WASHINGTON (PAI)—Top union leaders, marshalled by AFL-CIO President Richard Trumka, are backing the $3.6 billion in the House Democrats’ stimulus bill to pay states to establish vote-by-mail systems – and the measure’s mandate they do so.
But whether the unionists’ statements, plus wide public support for the idea, will be enough to sway either GOP President Donald Trump or the overwhelming majority of the Senate’s ruling Republicans, remains to be seen. Both Trump and the solons fear that the more people vote, as Trump put, the more the Republicans lose at the polls.
Vote-by-mail money is in the $3 trillion House Democratic economic stimulus bill, potentially scheduled for a vote on May 15. Senate sponsor Amy Klobuchar, DFL-Minn., joined Trumka and union presidents on a May 13 telephone press conference to push it.
Congress needs to pass it now, Klobuchar said, so states have enough time to set up and test-run their vote-by-mail registrations, procedures and systems.
Vote-by-mail will help “the front-line workers – the nurses, those who are driving trucks and in grocery stores and others, who are working from home and have kids there” due to shelter-in-place policies the coronavirus pandemic mandated, Klobuchar said. Voters also don’t want to risk health or lives to the virus’s community spread by waiting in long lines.
That’s what happened in the Wisconsin Democratic primary, she noted. The GOP-run state lawmakers forced voters to stand and 72 voters and one election judge got sick. By contrast, 1.1 million mail ballots swamped Badger State election officials beforehand.
That’s no surprise. In the 2018 off-year election, turnout as a percentage of eligible voters zoomed, especially in those states with vote-by-mail, such as Colorado, Utah, Oregon, Washington, and California. It also rose substantially in states such as Minnesota and Illinois, which have same-day voter registration. Younger voters and women in particular cast ballots.
And the high turnout, combined with a horde of progressive female candidates seeking U.S. House seats, and anger against Trump and the GOP – even before the
coronavirus pandemic hit – combined to produce an enormous shift of House seats to Democrats, along with House control and election of a horde of pro-worker lawmakers.

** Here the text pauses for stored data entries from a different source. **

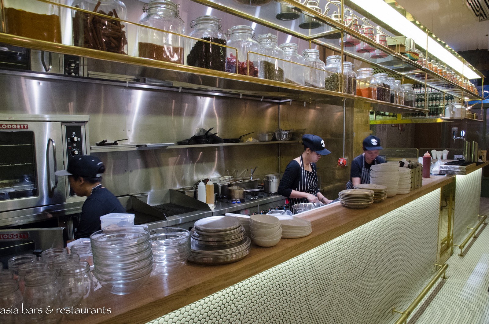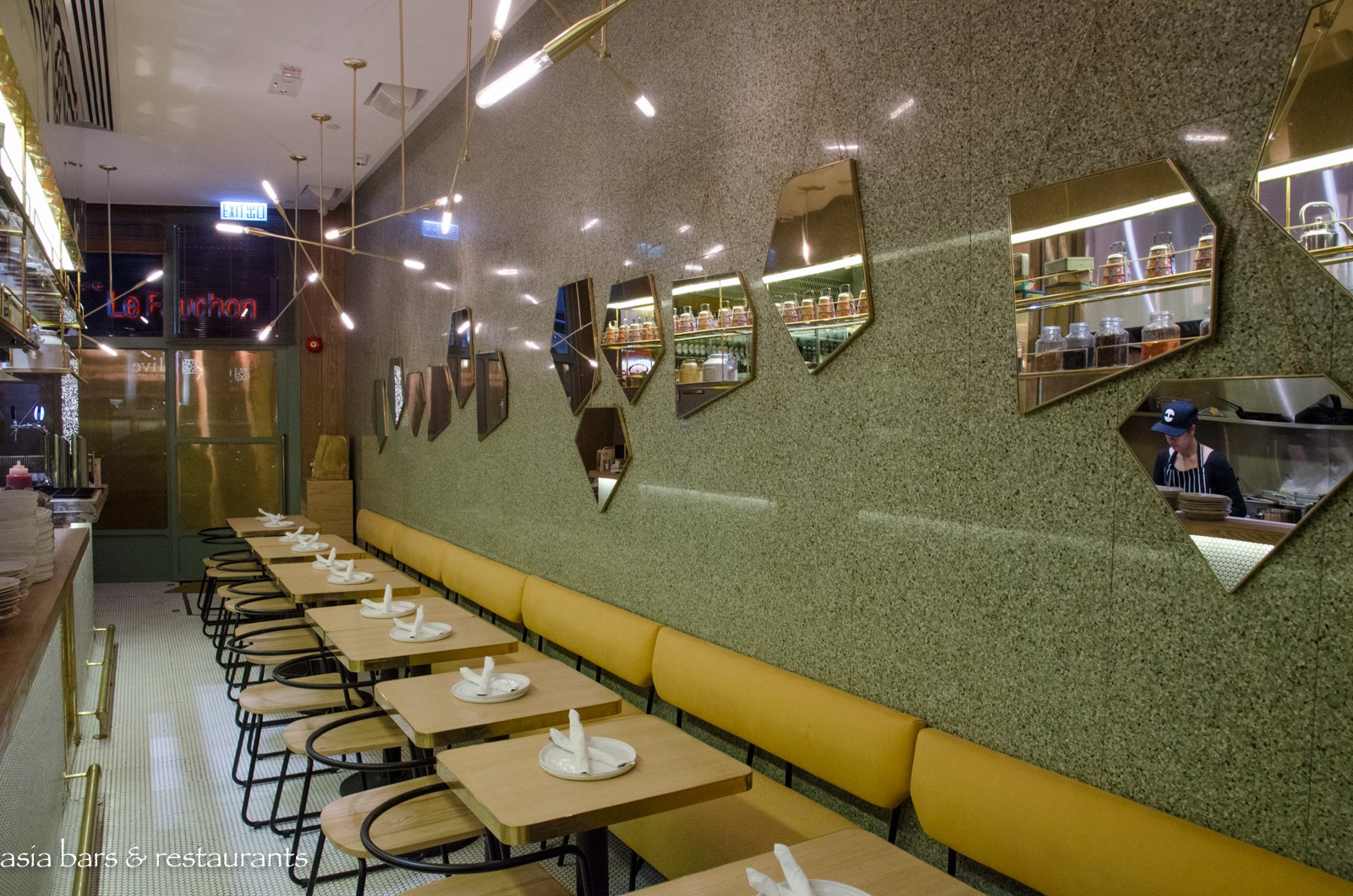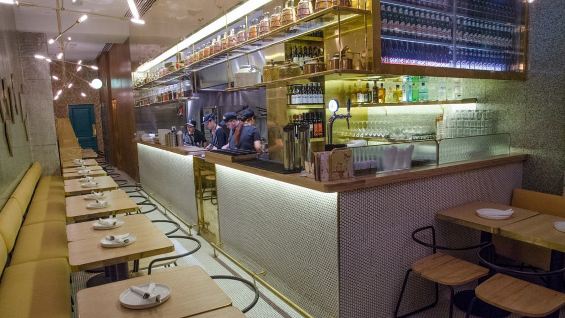 Design Taking its name from Mumbai’s famous Juhu Beach, know for its vibrant beachfront and street food stalls, the Hong Kong restaurant occupies a compact street level space in the lively SOHO dining and nightlife enclave. The narrow interior has been transformed by Californian design firm ID-entity Design into a fun dining space – with the gleaming stainless steel open kitchen extending across one side the centre of attention, while gold leather banquette settings opposite reference an American diner influence. Antique Indian tiffin boxes arrayed along shelves above the kitchen give a nod to the Indian culinary heritage.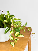 Hoya australis ‘Lisa’ is a striking variegated climber with thick, glossy leaves marbled in shades of cream, soft green. Its trailing growth habit and sculptural foliage make it a beautiful choice for shelves, hanging planters, or training up a support. Elegant yet playful, it brings light and texture to any space.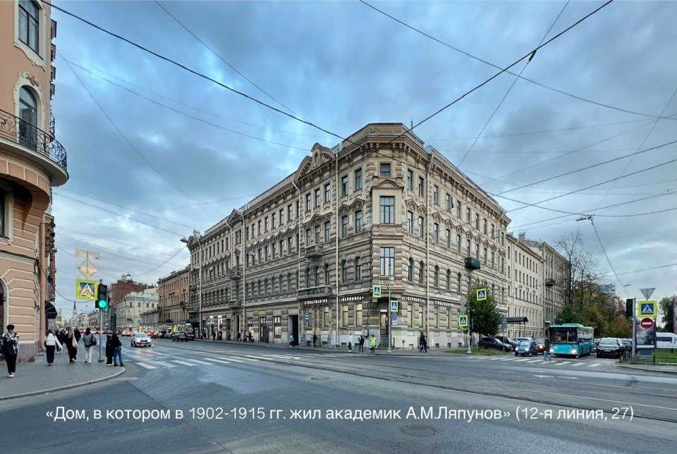 - «Дом, в котором в 1902-1915 гг. жил академик А.М.Ляпунов» (12-я линия В.О., 27);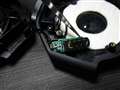 [写真14]使った工具は、T-6へクスクローブドライバーと、先細のピンセットです。ネジが長く、かなり緩めてもネジが取れないため、最終的にピンセットで摘まんで取りました。はじめは、てっきりアルミプレートが外れると思っていたのですが、意外にもハウジングがサンドイッチ構造でした。別段にこじ開ける必要はなく、普通に力を込めて開こうとすればOKでした。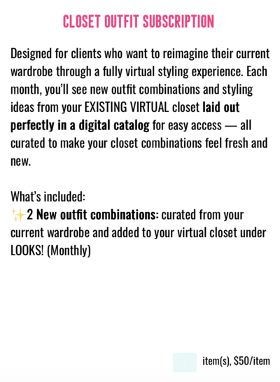 Designed for clients who want to reimagine their current wardrobe through a fully virtual styling experience. Each month, you’ll see new outfit combinations and styling ideas from your EXISTING VIRTUAL closet laid out perfectly in a digital catalog for easy access — all curated to make your closet combinations feel fresh and new.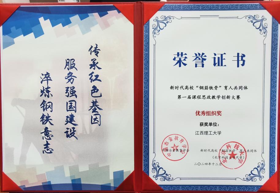 本网讯  12月27日至29日,由中国钢铁工业协会及教育部思想政治工作司指导的第一届新时代高校“钢筋铁骨”育人共同体课程思政教学创新大赛决赛在北京科技大学成功举办。完美online(中国)建筑与设计学院黄金发、杨晶、郎尹羚,机电工程学院于双洋荣获全国一等奖,完美online(中国)荣获优秀组织奖。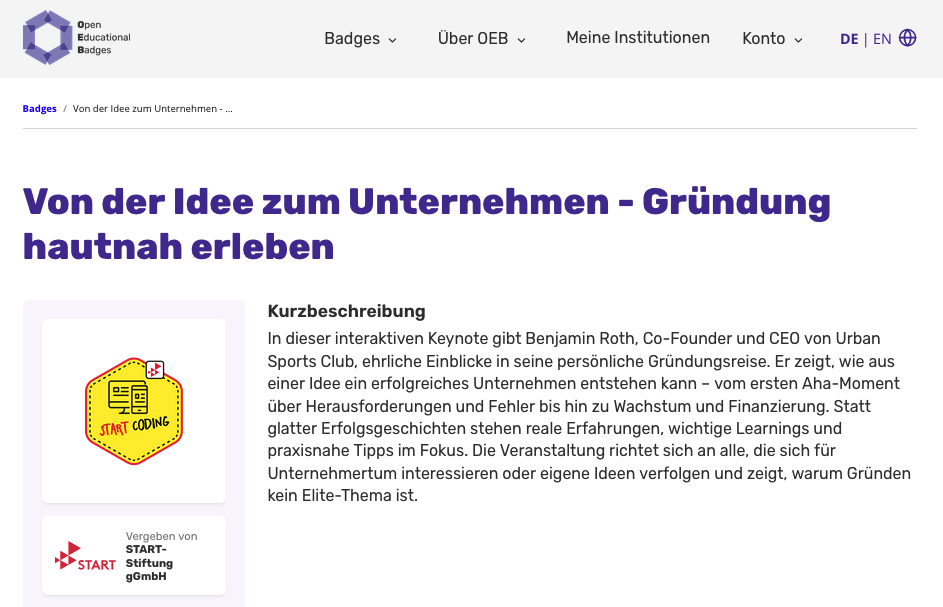 Badges sind bei START nicht nur Anerkennung für Lernende, sondern auch ein wertvolles Steuerungs- und Reflexionsinstrument für die Organisation. Katharina Bürkin betont den Mehrwert von OEB: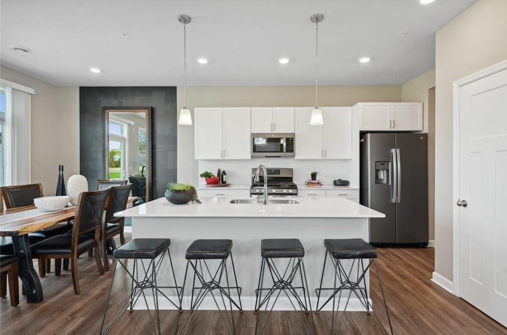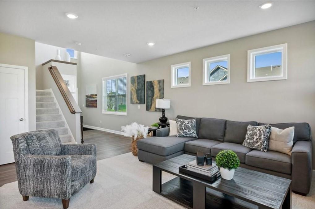 Public Remarks: Ask how you may qualify for a closing cost incentive with use of our preferred lender/title. This End unit ready for a Sept. move in. Spacious & light-filled, two-level row-home style units with large windows front & back-including a 2 story vaulted foyer/housing a large window. Tons of natural light! Open main level floorplan with 9-ft. high ceilings, electric fireplace & ability to walk out on main level to a patio w/privacy partitioning. Beautiful kitchen with white cabinetry, quartz countertops, slate-finish appliances, gas stove, center island, backsplash, pantry & more. Upper level features 3 bedrooms, 2 bathrooms & laundry room. Spacious owner's suite with large walk-in closet and private bath & double-sink vanity. Built to be move-in-ready complete with window blinds. Plus Lennar's "Connected Home" smart features Ring camera/alarm and Schlage encode smart deadbolt to name a few. New Construction/Manufacturer Warranties. Photos are of similar model as home is under construction.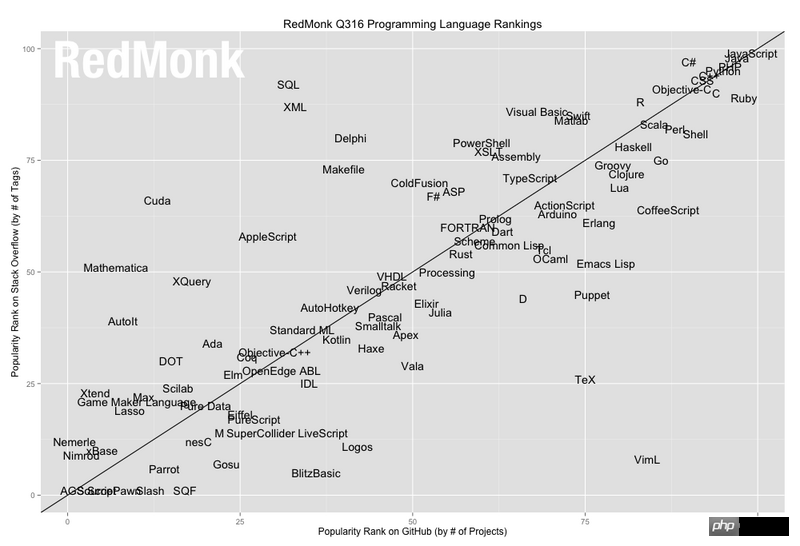 其实RedMonk综合Github(横轴)和StackOverflow(纵轴)的数据分析更符合Web开发者的看到的现状.比如2016年6月发布的编程语言排行榜,前4位是JS,Java,PHP,Python,另外C#,C++,Ruby并列第五,接下来是C和OC.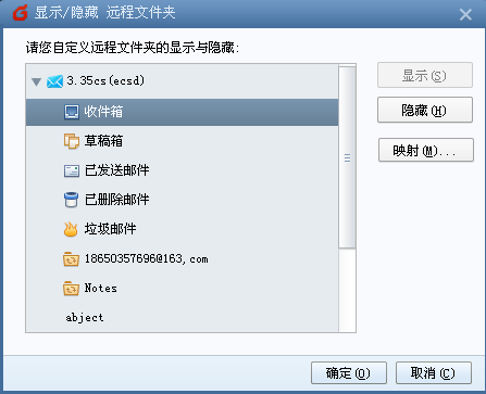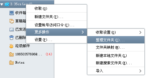 A:可以點擊郵箱賬戶的右鍵——》更多操作——》整理文件夾——》將對應(yīng)的遠(yuǎn)程文件夾“顯示”出來。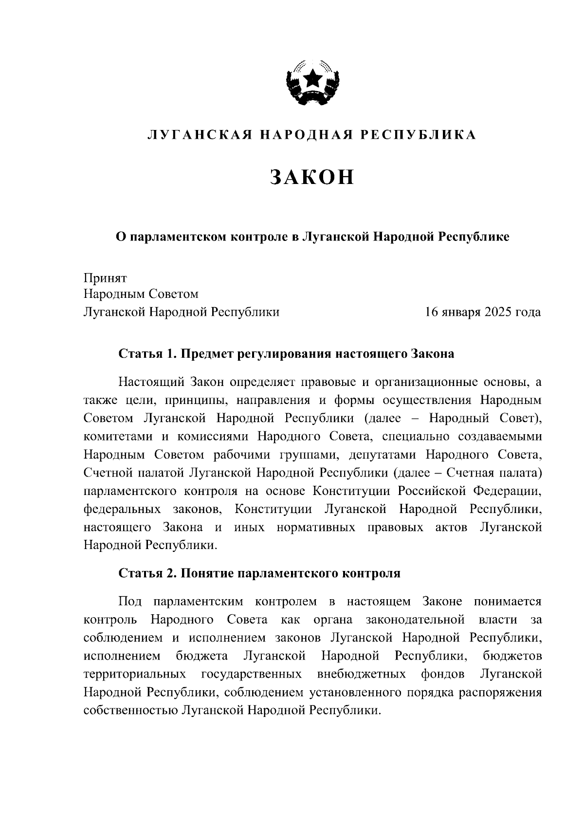 "О парламентском контроле в Луганской Народной Республике"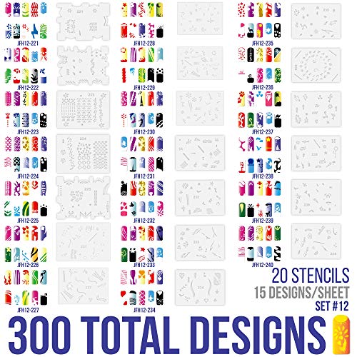 Custom Body Art Stencil per unghie aerografo, set serie n. 12, include 20 modelli individuali per unghie con 18 disegni ciascuno per un totale di 360 modelli di serie #12

State legislative and gubernatorial votes saw similar results, except in states – like Georgia and Florida – with rampant GOP-pushed voter suppression efforts, heavily gerrymandered legislatures, or both.

All this makes enacting vote-by-mail the first top cause of Labor 2020, its election effort, Trumka said. “In the middle of a global pandemic, we must make it easier to vote than ever before,” he explained. The $3.6 billion for vote-by-mail and $25 billion more for the Postal Service – so carriers can deliver and pick up ballots, along with other mail – “are investments in our democracy.” Even GOP governors in Ohio and New Hampshire agree, Klobuchar said.

AFSCME President Lee Saunders pointed out the bias of foes of vote by mail against both workers and people of color. “Of the ten states that have the strictest ‘voter ID’ laws” – the now-generic name for all sorts of voter suppression – “nine are right-to-work states.” RTW laws, a favorite corporate and right-wing cause, deprive unions of funds by letting workers use union services without paying one red cent for them.

Those states also “want to muzzle poor people and people of color,” said Saunders. Foes “can’t win on the merits, so they game the system.” Vote-by-mail stops such tactics.

Trump vehemently opposes vote-by-mail and his top aide/son-in-law, Jared Kushner, recently suggested in Time magazine that “I don’t know if we’re even going to have an election,” said Teachers (AFT) President Randi Weingarten, a New York City civics teacher. 

Trump himself, before the pandemic hit, suggested during a speech in the Pittsburgh area calling off the vote and giving him a second, third or even fourth term in the White House.
“We will have an election,” Weingarten retorted. “And we have to ensure our elections are free, fair and open to all. That’s why” vote-by-mail “is so important.”